Selain itu, polisi juga membongkar kasus spesialis pencurian tempat ibadah yang dilakukan BU (38) warga Boyolali.
Pelaku membobol gereja-gereja di desa pada malam hari untuk mengambil alat musik dan perangkat audio, yang kemudian dijual murah lewat media sosial.
Setidaknya lima gereja di Boyolali dan Semarang menjadi korban dengan kerugian ratusan juta rupiah.
Di wilayah Patean, Kendal, dua residivis kasus curas diamankan setelah merampas ponsel dan uang tunai seorang remaja perempuan menggunakan senjata golok.
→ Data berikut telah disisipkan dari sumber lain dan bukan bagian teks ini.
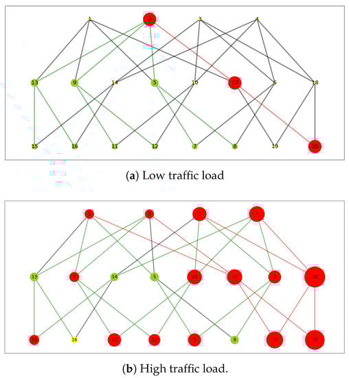 For the majority of the time, it has been reported that the DCN is in a low-load state []. The problem is that energy consumption of DCN resources, such as links, is wasteful when the utilization level is low. This is because engaging certain equipment in DCN activities, e.g., routing, does not justify the additional cost of the associated energy consumption []. Therefore, our proposed approach causes a gradual increase in the number of active links as the traffic demand increases. The opposite strategy is pursued when the traffic demand is low.
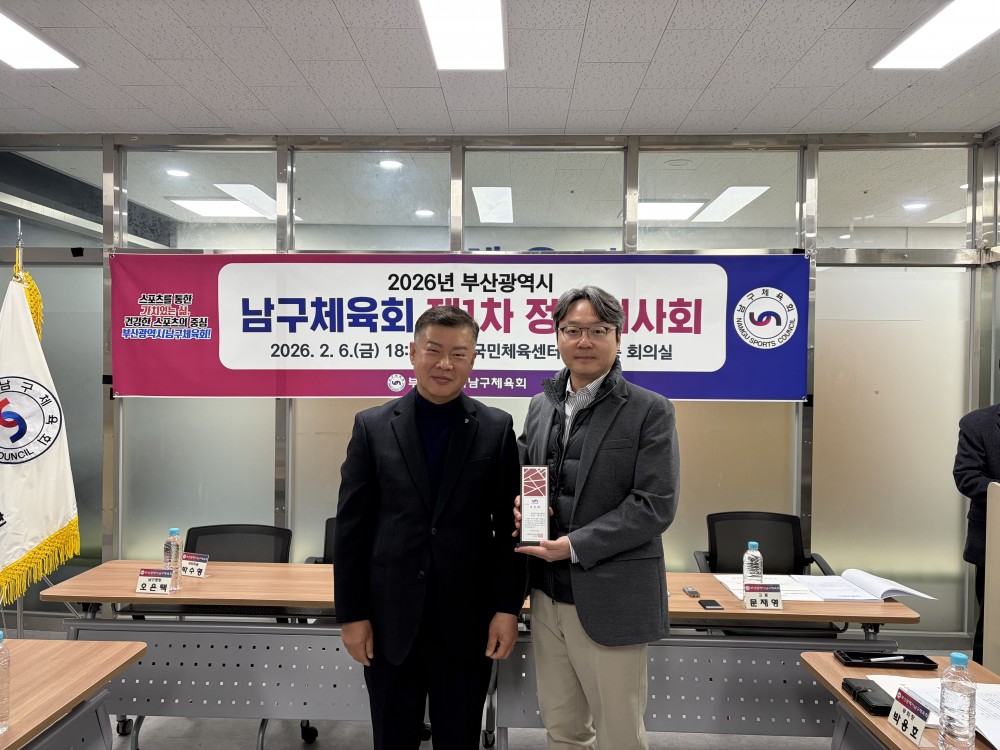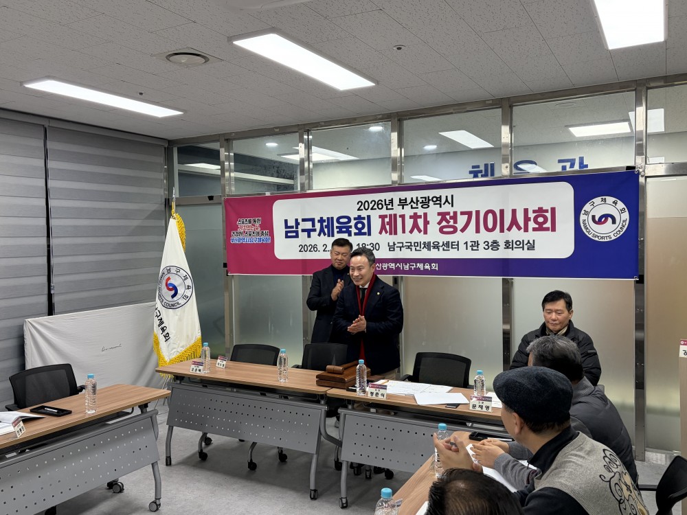 ●내용: 2월 6일 남구국민체육센터 1관 3층 남구체육회 회의실에서 '2026년 부산광역시남구체육회 제1차 정기이사회'가 열렸습니다. 정춘식 남구체육회장님, 박수영 국회의원님, 서성부 남구의회의장님을 비롯하여 남구체육회 이사님, 남구청 교육체육과 직원들도 참석해주셨습니다. 남구체육회 운영 및 발전을 위해 힘써주시는 모든 분들에게 감사하다는 말씀을 전합니다.

Satu penadah barang bukti juga turut diringkus.
“Untuk antisipasi begal, kami rutin lakukan patroli malam oleh anggota berpakaian preman dan memperkuat pengamanan di jajaran Polres,” tegas Dirreskrimum.
Pihak kepolisian juga sedang mendalami jaringan penjualan senjata tajam yang kerap digunakan pelaku kejahatan, guna memutus rantai peredaran barang berbahaya tersebut.
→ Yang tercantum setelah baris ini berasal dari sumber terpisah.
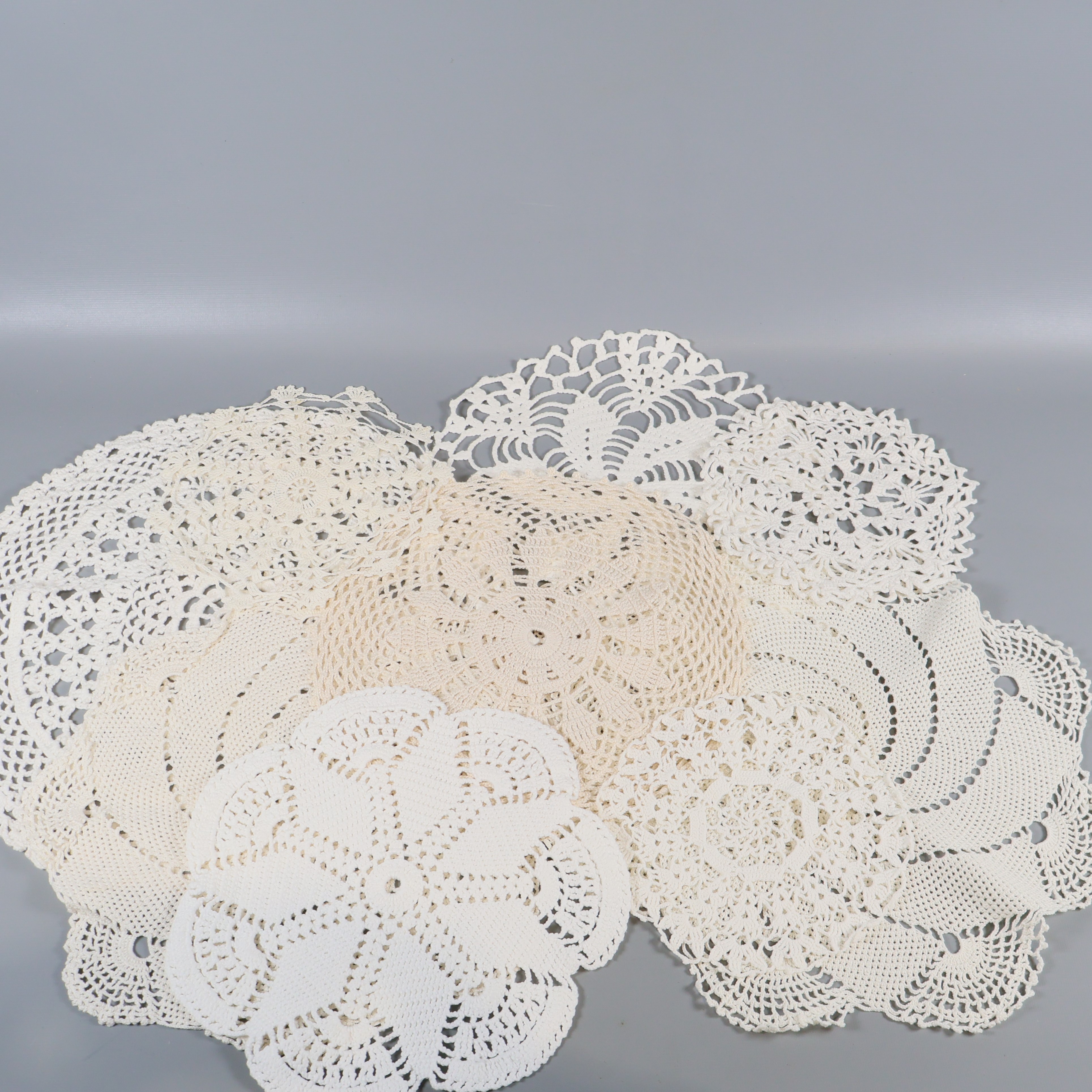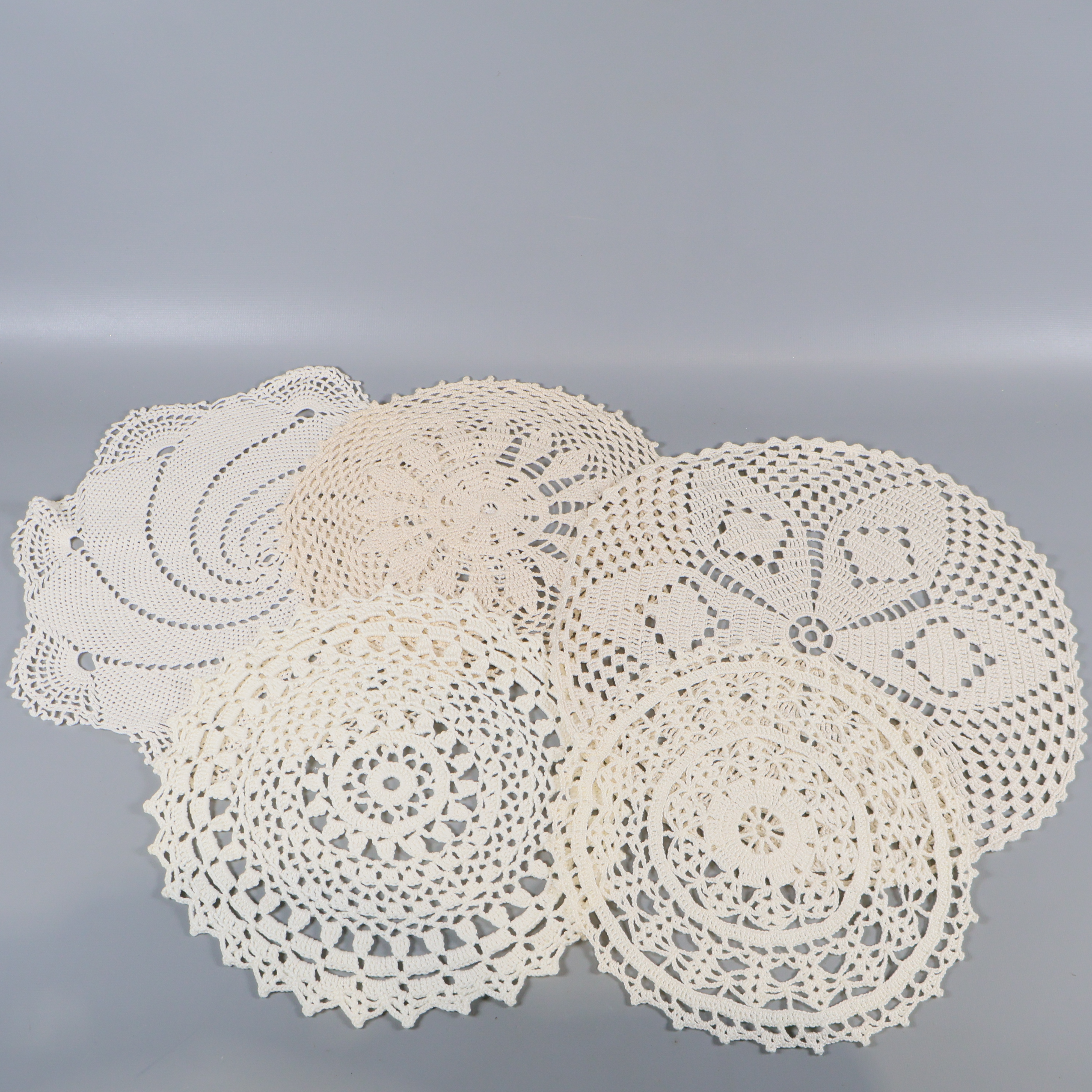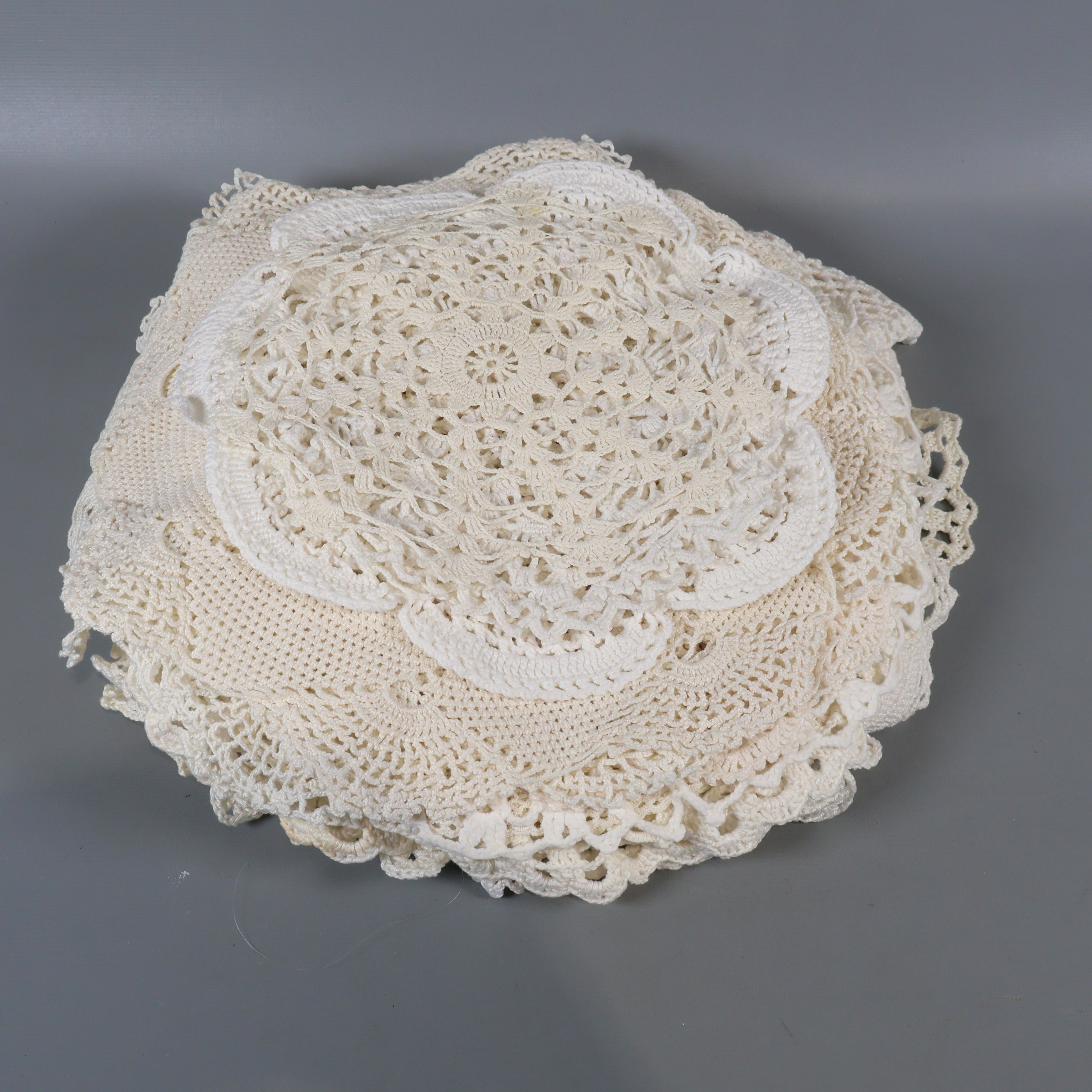 En samling virkade dukar i olika storlekar och mönster, alla i en ljus cremevit ton. Den handgjorda känslan ger ett personligt uttryck och en soft vintage vibe till inredningen.

Dalam kesempatan itu, Wakapolda Jateng mengimbau warga yang menjadi korban pencurian kendaraan bermotor agar segera mengambil kembali barang miliknya di Mapolda Jateng.
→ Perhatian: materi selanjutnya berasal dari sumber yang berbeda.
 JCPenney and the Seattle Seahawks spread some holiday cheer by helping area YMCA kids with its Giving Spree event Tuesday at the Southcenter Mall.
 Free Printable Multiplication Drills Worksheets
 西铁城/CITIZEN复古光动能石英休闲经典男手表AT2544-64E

Proses pengambilan cukup dengan menunjukkan dokumen kepemilikan sah (STNK dan BPKB) serta tidak dipungut biaya sepeser pun.
“Kami persilakan korban mengambil kendaraannya, bawa bukti sah kepemilikan, prosesnya gratis,” ujar Brigjen Latif Usman.
Sementara itu, Kabid Humas Polda Jateng mengingatkan masyarakat untuk meningkatkan kewaspadaan.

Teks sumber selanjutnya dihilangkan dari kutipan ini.